The next step in the chain involves processing the plastic into raw material for manufacture. There are two main systems, mechanical and chemical, although others are emerging, like enzymatic recycling. The latter breaks down plastics into the original monomers that allows it to be used in infinite loops; as there is no degradation in the material properties, it becomes as good as virgin material. However, this process must be scaled up before it becomes a viable solution.
Currently, mechanical recycling is the most established system and carries a lower cost. In this process, the sorted material is basically ground, washed, dried and pelletised, and reintroduced into the loop as new raw material. However, the mechanically recycled plastics degrade in each loop, so they can only be recycled up to seven times, after which they must be incinerated to recover some energy.
Chemical recycling, on the other hand, allows the production of ‘food-grade’ material, which is required for cosmetics packaging in contact with the bulk. Organisations like the ISCC (International Sustainability & Carbon Certification) certify their supply chain for traceability – thereby countering greenwashing, too.
The final steps involve using the material to manufacture new products – and selling them, too. Manufacturers may offer PCR packaging solutions, but brands must be willing to buy them. A change in mindset is required among both brands and consumers, especially in the luxury segment. Recycling plastic affects its aesthetics and may result in imperfections. However, these imperfections can be considered part of a product’s ‘beauty’, sending strong messages of sustainability and responsible behaviour.

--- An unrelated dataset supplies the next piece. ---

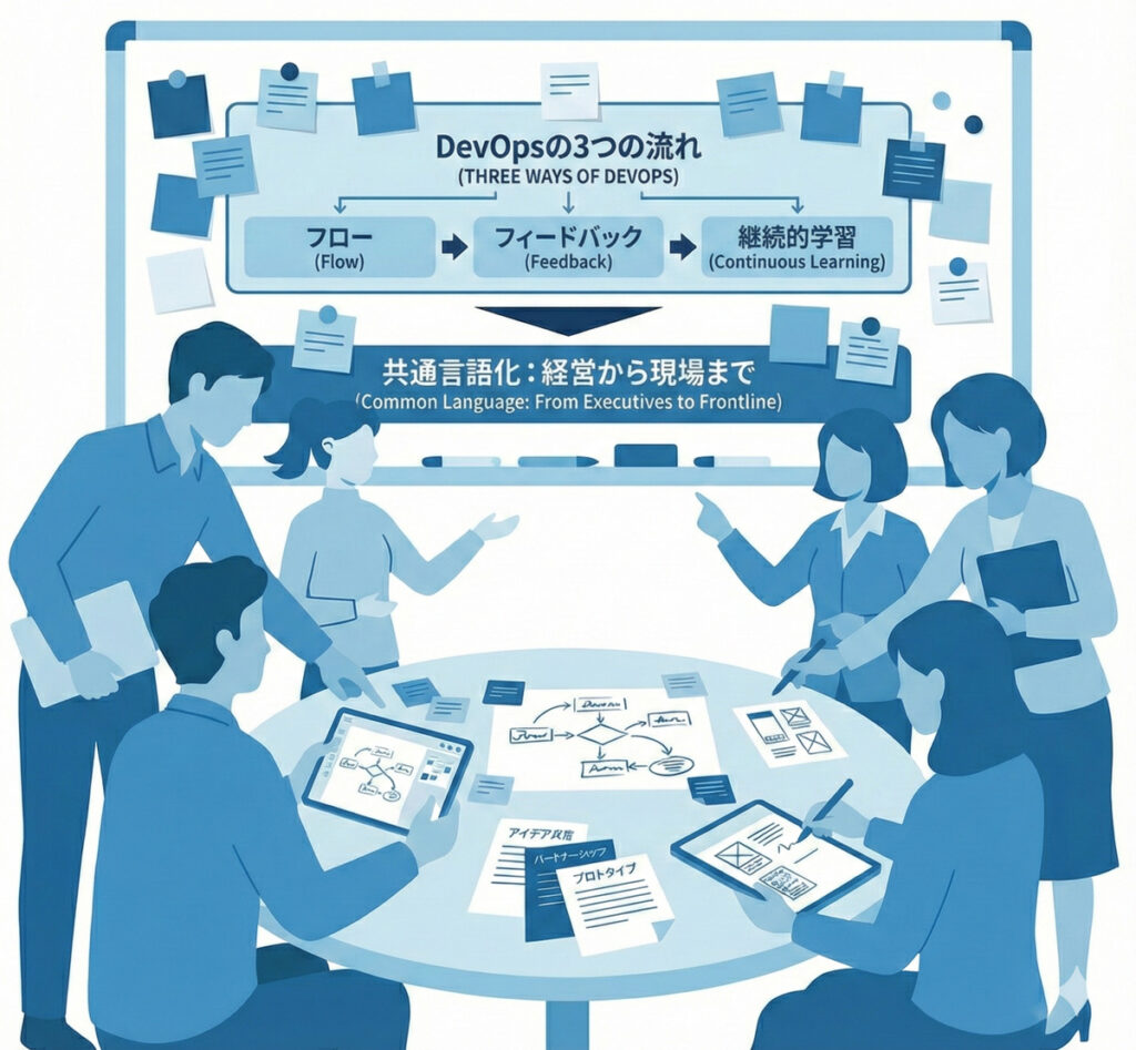 本書の中核となるのは、DevOpsの3つの流れ(フロー、フィードバック、継続的学習)という考え方。 単なる技術論ではなく「なぜ現場は回らなくなるのか」「どうすれば組織として改善できるのか」を、経営層から現場メンバーまで共通言語で理解できる点が大きな特長です。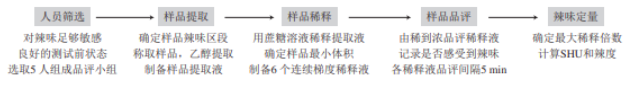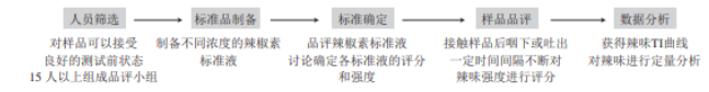 時間-強度( time-intensity,TI)法是一種用于評價樣品辣味隨時間變化的感官評價手段,是經(jīng)典感官評分方法的延伸,這種方法常利用不同濃度的辣椒素標(biāo)準(zhǔn)品使參評人員建立相對統(tǒng)一的感官評價標(biāo)準(zhǔn),并要求品評員在攝入樣品后的一段時間內(nèi)持續(xù)地對辣味的強弱進行打分。TI法的基本操作流程如下所示。

The cost impact will have to be accepted as part of the trade-off. In other sectors like food, this acceptance has already been won. No doubt beauty will not be far behind, especially with ethically-minded younger generations growing up and gaining purchasing power.
Driving the change
Climate change is a priority for all industries now, not just beauty and, by extension, cosmetics packaging. The 2030 Agenda for Sustainable Development offers a clear roadmap, with goals set by the United Nations back in 2015. In addition to voluntary measures, legislation is being introduced, most prominently in Europe. The EU Packaging and Packaging Waste Regulation (PPWR) is expected to come out in the next two years. Meanwhile, local legislation is hitting the packaging industry, introducing taxes for non-recycled plastics. In Spain, for example, this has been implemented at a cost to the importer or manufacturer of €0.45 per kg introduced in the Spanish market.
Once legislation regarding the use of recycled plastics is enforced worldwide, demand for PCR will soar, possibly beyond available supply. The number and spread of recyclers must grow exponentially and will likely require government incentives or grants to meet future demand.
The reduction of CO2 emissions is a clear goal of the 2030 Agenda and switching to recycled material is among the many building blocks to get there. We are already rethinking packaging, from refillable and reusable designs, through renewable resource usage, to implementation of low-impact and even carbon-neutral processes. The ultimate aim is to change the way we work to have a positive impact on the planet and on society. However, in the meantime, we have mountains of plastic waste covering the earth’s surfaces. Using PCR plastic as raw material – with an efficient, earth-friendly PCR value chain – will go a long way towards reversing its impact.